There is no known biological requirement for germanium (Ge), germanates, or any organogermanium compound. Ge deficiency has not been demonstrated in any animal. The estimated average dietary intake of Ge in humans is 1.5 mg/d. Ge is widely distributed in edible foods, all of which, with few exceptions, contain less than 5 ppm Ge, since higher levels are toxic to most plants. Ingestion of Ge compounds has been shown to produce toxic effects in experimental animals.

In recent years inorganic germanium salts and novel organogermanium compounds, such as carboxyethyl germanium sesquioxide (Ge-132) and lactate-citrate-germanate (Ge lactate citrate) have been sold as “nutritional supplements” in some countries for their purported immunomodulatory effects or as health-producing elixirs, resulting sulting in intakes of Ge significantly exceeding the estimated average dietary intake. Since 1982, there have been 18 reported cases of acute renal dysfunction or failure, including two deaths, linked to oral intake of Ge elixirs containing germanium dioxide (GeO2) or Ge-132. In these cases, biopsies show vacuolar degeneration in renal tubular epithelial cells, without proteinuria or hematuria, in the absence of glomerular changes. Serum creatinine levels have been well above 400 μmol/L in such patients. In 17 of 18 cases, accumulated elemental Ge intakes reportedly ranged between 16 to 328 g over a 4–36 mo period, or between 100 to 2000 times the average estimated dietary intake for human. In surviving patients, renal function improved after discontinuation of Ge supplementation. However, in no case was recovery complete.

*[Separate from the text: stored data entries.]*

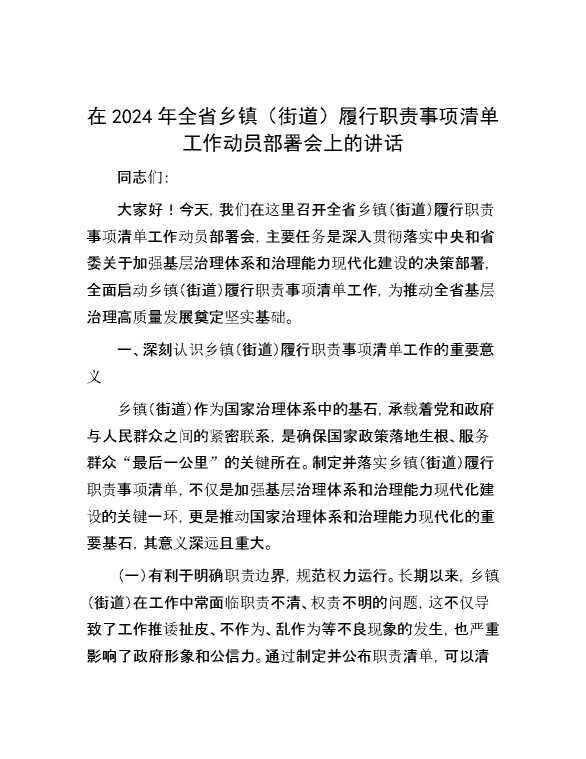 在2024年全省乡镇(街道)履行职责事项清单工作动员部署会上的讲话 2024-10-30 Word模板 99 购买前,请一定要先点击这里看看,欢迎持续关注,精彩模板每天推送 预览结束,本文件为word文档,一共7页,共3073字,请购买后,下载后查看 购买前,请一定要先点击这里看看,欢迎持续关注,精彩模板每天推送 资源下载下载价格29 RMBVIP免费升级VIP点击检测网盘有效后购买有任何充值和下载问题请加微信:xuexixuexi66 0 演讲发言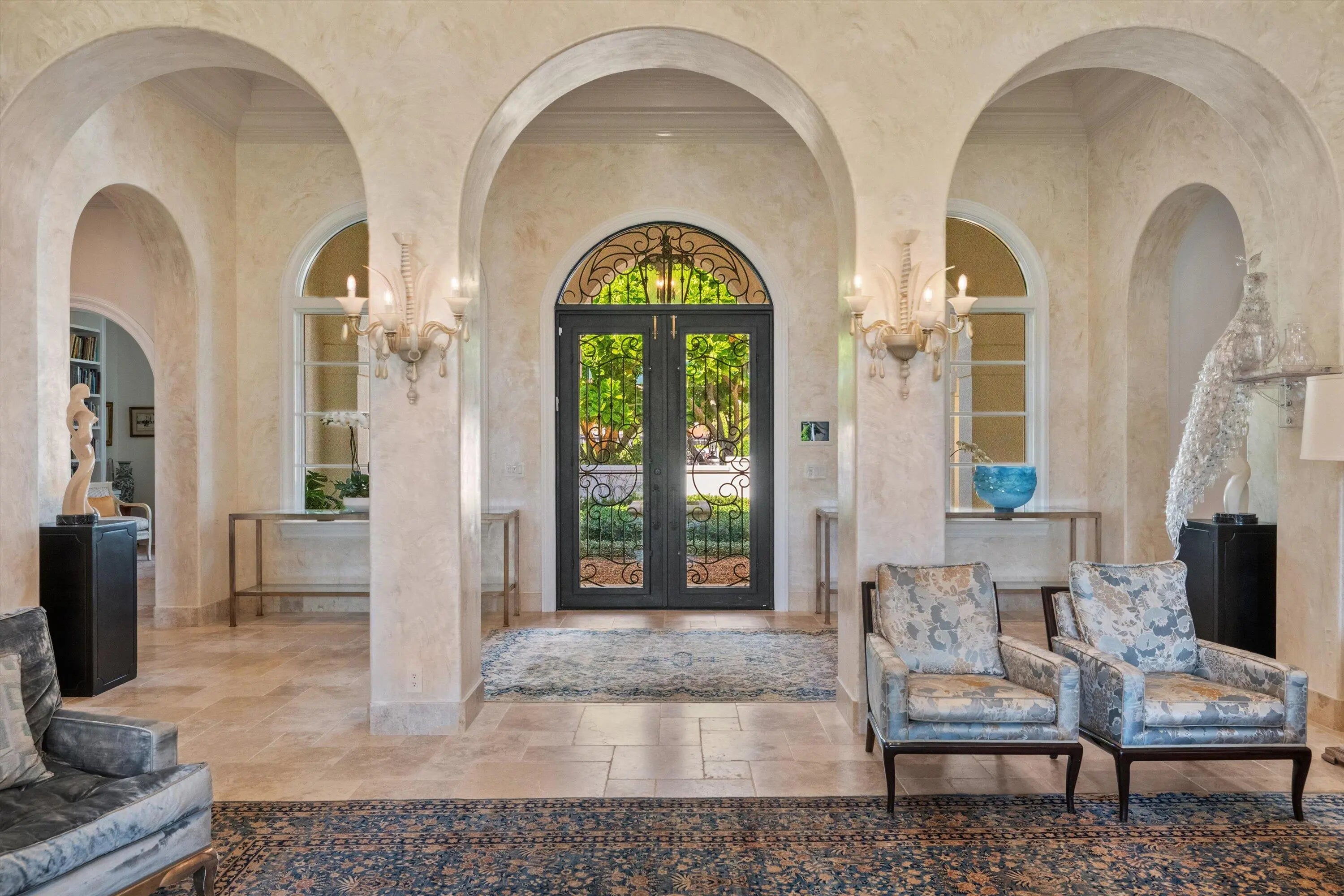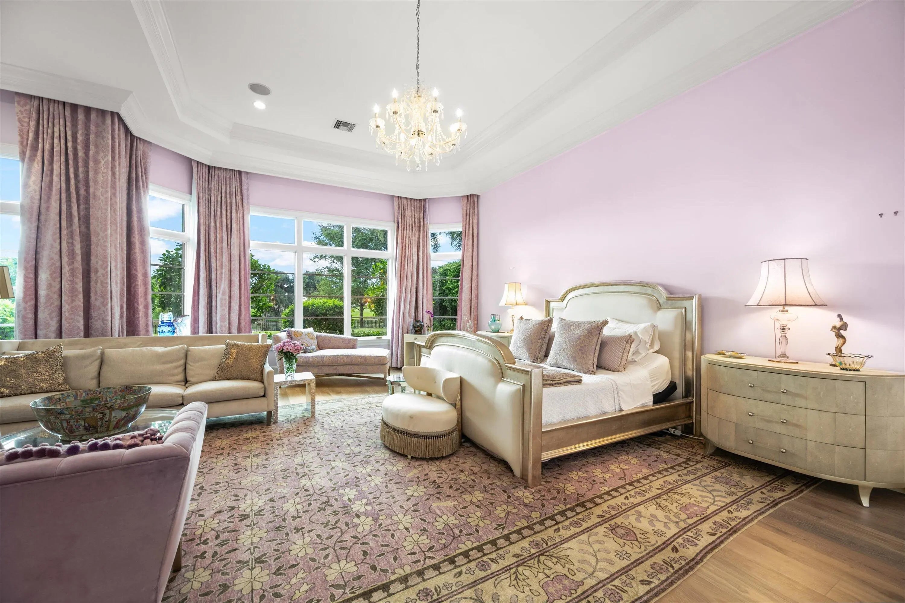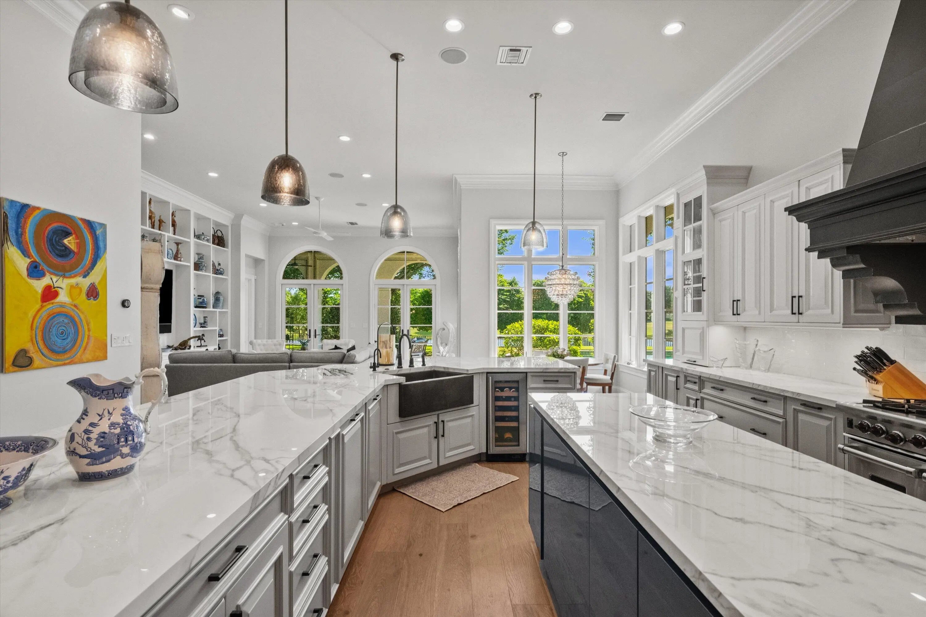 Exuding sophistication and timeless appeal, this stunning Cypress Island estate epitomizes luxury living within the prestigious Palm Beach Polo Golf and Country Club. Perfectly situated on a serene waterfront lot, the residence offers nearly 6,000 square feet of refined single-level living with 4 bedrooms, 6.5 bathrooms, and a 3-car garage.Sunlit interiors reveal a gourmet chef's kitchen appointed with Wolf appliances, a glass-enclosed walk-in wine cellar adjacent to the formal dining area, and an elegant living room anchored by a beautifully crafted fireplace. The owner's wing provides a private sanctuary featuring a sitting area, dual baths, and generous dressing spaces, while three spacious guest suites each include private baths and walk-in closets.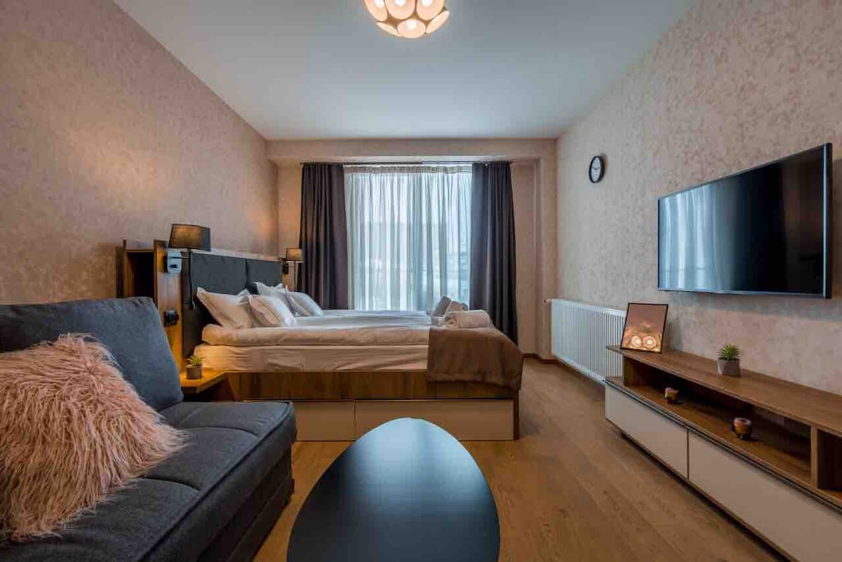 Welcome to our bright and cozy apartment in the heart of New Gudauri! Just steps away from the ski resort, gondola, and ice rink. Our stylish home features a balcony with stunning mountain views, a fully equipped kitchen, comfortable bedroom, two sofa beds, and a ski storage area. Experience comfort, style, and the magic of Gudauri all in one place!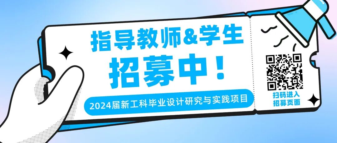 目前,2024届新工科毕设项目选题阶段已结束,项目组指导教师与选题学生正在招募中!扫描下方图片中二维码跳转查看项目组招募通知!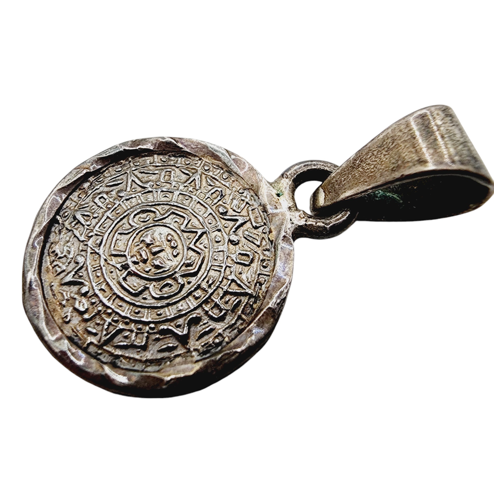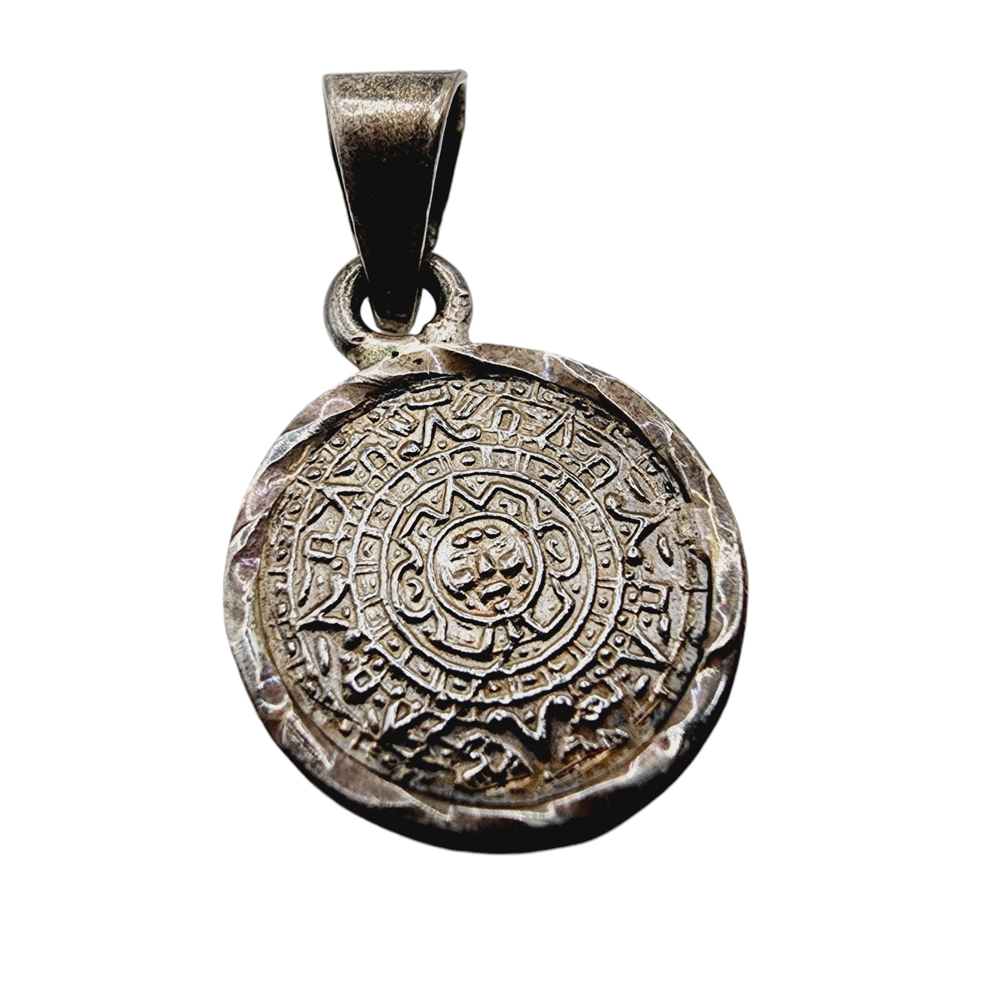 Vintage Sterling Mayan Aztec Calendar Pendant 3.9g

One organogermanium compound, an azaspiran organogermanium compound, 2-aza-8-germanspiro[4,5] decane-2-propamine-8,8-diethyl-N,N-dimethyl dichloride (spirogermanium), has been found to cause both neurotoxicity and pulmonary toxicity in phase I and II studies examining its chemotherapeutic potential as an antitumor drug in the treatment of various malignancies. In cancer patients given the drug spirogermanium, 40% experienced marked, yet transient neurotoxicity. Two patients suffered from pulmonary toxicity. Results of phases I and II human cancer trials for spirogermanium have not been favorable, with the exception of moderate benefits for three types of malignancies.

It is recommended that patients exposed to long-term (>3 mo) Ge supplementation at levels well above the estimated daily intake be medically supervised and monitored for potential renal-, pulmonaryor neurotoxicity. Further study regarding the mechanism of Geinduced nephrotoxicity in human is warranted.